Abuse Isn’t Seasonal

Christmas is often described as the most wonderful time of the year – a season of joy, warmth, and togetherness. Yet, for many people living with domestic abuse, the festive period is anything but joyful.

Instead of a time for celebration, it becomes a season marked by fear, tension, and dread.

Christmas, much like the World Cup or other major events, does not cause abuse – abusers cause abuse. We hear it all the time: "Christmas stress causes arguments." But arguments are not the same as abuse, and stress doesn’t make someone violent. Abuse is a choice. Domestic violence is about control, harm, and power. Yes, the holidays bring added pressures – money worries, endless to-do lists, and increased alcohol consumption – but these only heighten an abuser’s volatility; they don’t create it.

If you’ve ever lived in fear of someone, you’ll know Christmas isn’t always the cheerful picture we’re sold. For people in abusive relationships, the holidays are a nightmare in disguise.

Isolation gets worse: At Christmas, people are busy, and support feels further away. Friends are wrapped up in their own families, and services are stretched thin. Abusers know this and take advantage of it.

The drinking: Alcohol definitely adds fuel to the fire. When my ex drank, I braced myself. I learned to watch for the subtle changes: the way his mood would flicker, how the laughter in the room could turn to silence – dangerous, heavy silence.

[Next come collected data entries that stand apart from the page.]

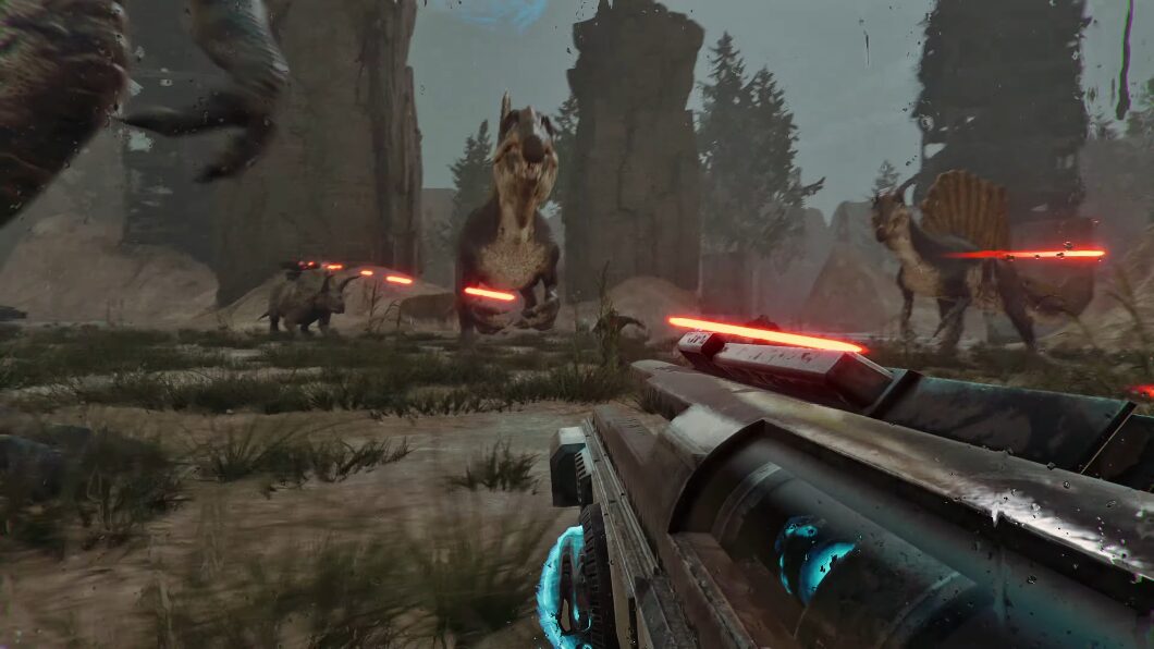 Alors que le concept nous évoquait plutôt du Turok à l’origine, cette bande-annonce lorgne plutôt du côté de Doom Eternal, mais sans sa dimension stratégique. On retrouve donc un FPS extrêmement nerveux dans lequel il sera possible de dasher, de faire des double sauts, et même d’utiliser son grappin pour se balancer. Histoire de pousser la comparaison encore plus loin, les armes n’auront aucun besoin d’être rechargées et les dinosaures pourront être écartelées de toutes les façons possibles à l’aide d’attaques Jugement au corps à corps, qui évoquent furieusement les Glory Kills.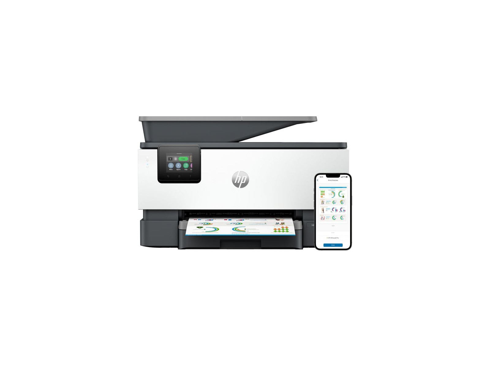 4V2N0B#629 HP OfficeJet Pro 9120b All-in-One Printer Color Printer for Home and home office Print copy scan fax Wireless; Two-sided printing; Two-sided scanning; Scan to email; Scan to pdf; Fax; Front USB flash drive port; Touchscreen; Print from phone or tablet; Automatic document feeder
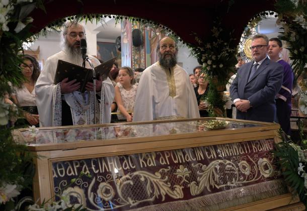 Στις ιερές ακολουθίες που τέλεσαν ο προϊστάμενος του Ναού π. Βενέδικτος Παπαχρήστος και ο π. Ευθύμιος Αναγνωστόπουλος συμμετείχαν πλήθος πιστών.

The pressure to make it perfect: The pressure to hold everything together, to perform happiness for everyone around you. The pressure of not messing up is immense – because if the dinner wasn’t right, if the house wasn’t tidy, if you said something wrong – there would be consequences.

I say all of this from experience, I lived through enough birthdays, holidays, and football matches to know the pattern. He’d start drinking early. It would seem fine at first – maybe even fun. But then I’d feel it – that shift. A look in his eye, an argument started with anyone who looked at him the wrong way when out in a pub, and then a change in his tone towards me, the air in the room felt like it was closing in.

I spent years walking on eggshells, trying to be perfect so I wouldn’t set him off.

That’s the thing about abuse: you can’t stop it, because it isn’t about you. It’s about them and their need for control.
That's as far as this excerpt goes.